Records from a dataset
----------

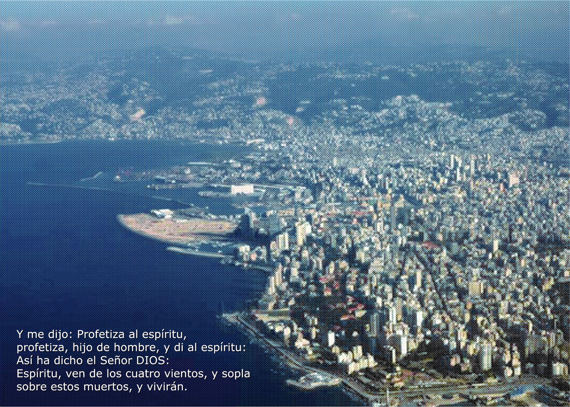 Tony Chakar, An Endless Quick Nightmare, 2011. The image reads: ‘Then he said to me: Prophesy to the breath; prophesy, son of man, and say to the breath: Thus said the Lord God: Come from the four winds, O breath, and breathe upon these slain, that they may live.’
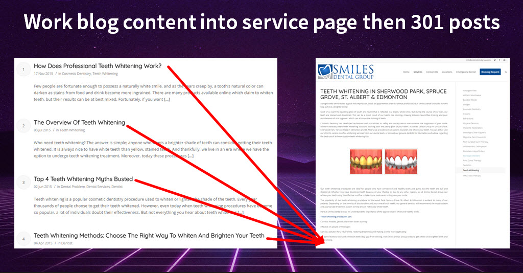 You can take this even further by consolidating your content from your blog to your service landing page an d 301 redirecting it. Now you have an even better service page, that is more informative, and ideally more helpful.
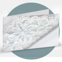 Bigliettino Bomboniera matrimonio in carta bianca liscia, con stampa fiori macramè sui toni del grigio. Minimo d'ordine 20 pz, ordinabili in multipli di 20 pz.
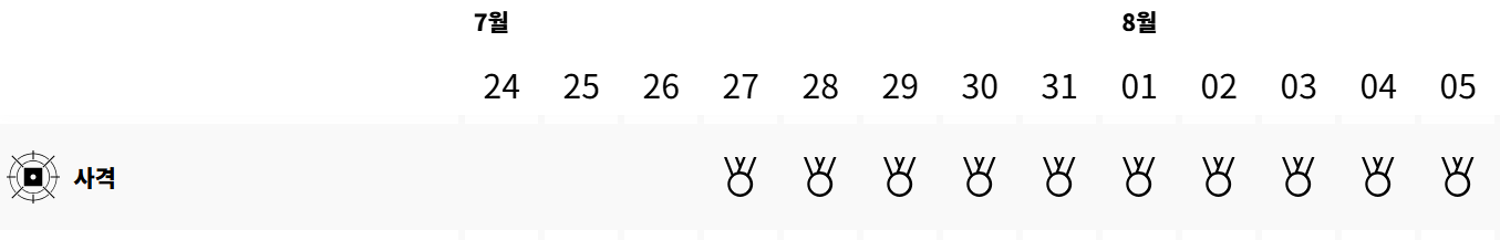 - 7월 27일 (토) ~ 8월 5일 (월)
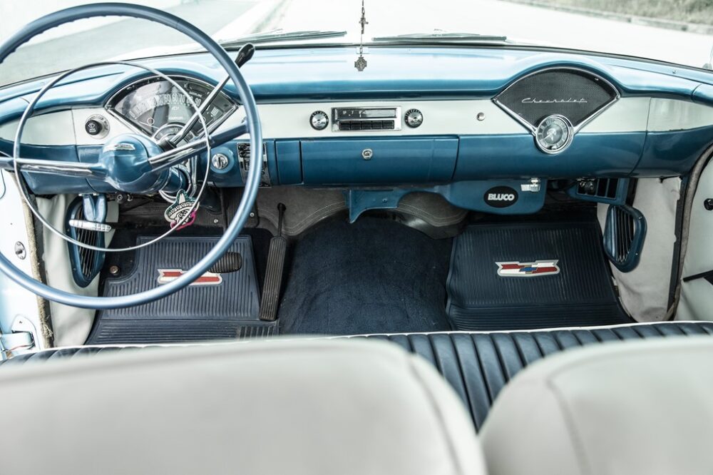 “トライシェビー”と呼ばれる’55/’56 /’57年のモデルの中でも最もシンプルなデザインの’55年式は、『アメリカングラフィティ』や『トゥーレーンブラックトップ』など、クルマ好きに語り継がれる映画に登場する名車のひとつである。

----------

▶ YOUR TASK:
Output the records above character for character, but leave each image out.

▶ PROBLEM SOLUTION:
 Tony Chakar, An Endless Quick Nightmare, 2011. The image reads: ‘Then he said to me: Prophesy to the breath; prophesy, son of man, and say to the breath: Thus said the Lord God: Come from the four winds, O breath, and breathe upon these slain, that they may live.’
 You can take this even further by consolidating your content from your blog to your service landing page an d 301 redirecting it. Now you have an even better service page, that is more informative, and ideally more helpful.
 Bigliettino Bomboniera matrimonio in carta bianca liscia, con stampa fiori macramè sui toni del grigio. Minimo d'ordine 20 pz, ordinabili in multipli di 20 pz.
 - 7월 27일 (토) ~ 8월 5일 (월)
 “トライシェビー”と呼ばれる’55/’56 /’57年のモデルの中でも最もシンプルなデザインの’55年式は、『アメリカングラフィティ』や『トゥーレーンブラックトップ』など、クルマ好きに語り継がれる映画に登場する名車のひとつである。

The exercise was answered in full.